*INSTRUCTIONS FOR THE TASK:* Please copy only the material from the line that has "CARL Heavy Duty" to the very last line, both ends included, exactly as written and without pictures.

DATA PROVIDED section start

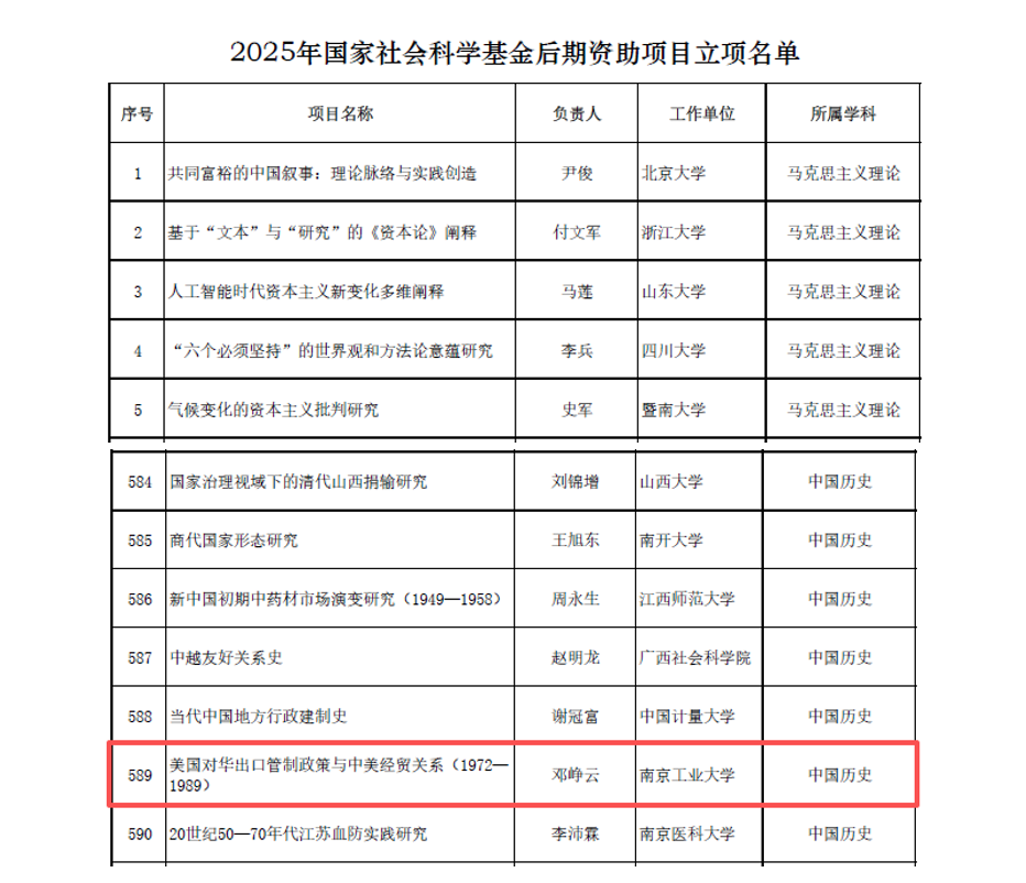 近日,全国哲学社会科学工作办公室发布了2025年国家社会科学基金后期资助项目立项评审结果,bv伟德国际1946邓峥云老师申报的课题《美国对华出口管制政策与中美经贸关系(1972—1989)》喜获立项。
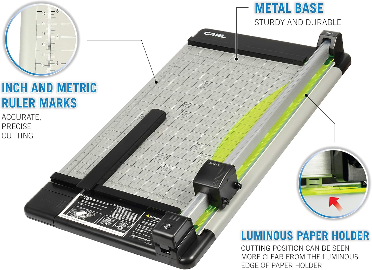 CARL Heavy Duty Rotary Paper Trimmer - 12238, Black/Silver, 18inch
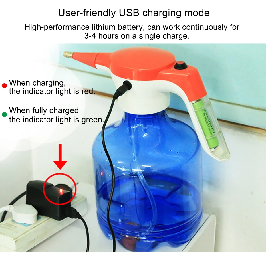 2L Capacity Hand-held Electric Spray Pot Portable Mist Nozzle Watering Can Sprayer Bottle Water Gardening Tools Extension Rod

DATA PROVIDED section end

*YOUR RESPONSE:*
 CARL Heavy Duty Rotary Paper Trimmer - 12238, Black/Silver, 18inch
 2L Capacity Hand-held Electric Spray Pot Portable Mist Nozzle Watering Can Sprayer Bottle Water Gardening Tools Extension Rod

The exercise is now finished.